# Barque "Dee"



## Keith Adkins

I am looking for any information on the above vessel, it has fairly strong connections to my family history. I know that she was in London October 1893 and cir***navigated the globe arriving back in the UK in September 1894. I have been told that she was sunk by a German raider in World War 1 in the Indian Ocean.
A photograph or picture would be great, but any information would be appreciated 
Thanks
Keith


----------



## Wribbenhall

Keith Adkins said:


> I am looking for any information on the above vessel, it has fairly strong connections to my family history.
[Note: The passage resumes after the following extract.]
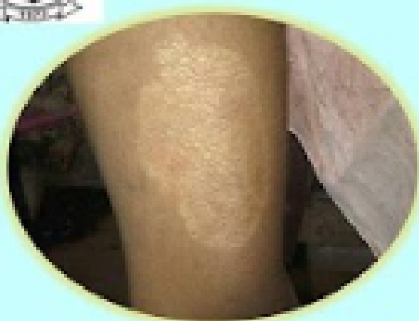
Light colored skin patch?
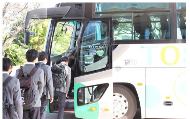
気をつけて帰ってくださいね～！

短い時間での施設見学でしたが、当校の魅力についてお伝えできたと思います。 12月17日（日）、第5回オープンキャンパスを予定していますので、ご参加をお待ちしています！

I know that she was in London October 1893 and cir***navigated the globe arriving back in the UK in September 1894. I have been told that she was sunk by a German raider in World War 1 in the Indian Ocean.
> A photograph or picture would be great, but any information would be appreciated
> Thanks
> Keith


Maybe?........  *Here*

(Cape Leeuwin is the extreme SW point of Australia.)


----------



## Keith Adkins

Now that was a quick response, I have been looking all over for a photograph of her!
You don't know who owned her by any chance?
Thanks


----------



## stein

Another picture with some information: http://images.slsa.sa.gov.au/edwardes/07/PRG1373_7_59.htm

http://www.wrecksite.eu/wreck.aspx?172407


----------



## Wribbenhall

Just a bit more info from THIS [/COLOR ]site


DEE (S.V.) Owners:- Ivanoff Desvaux de Marigny, Port Louis, Mauritius.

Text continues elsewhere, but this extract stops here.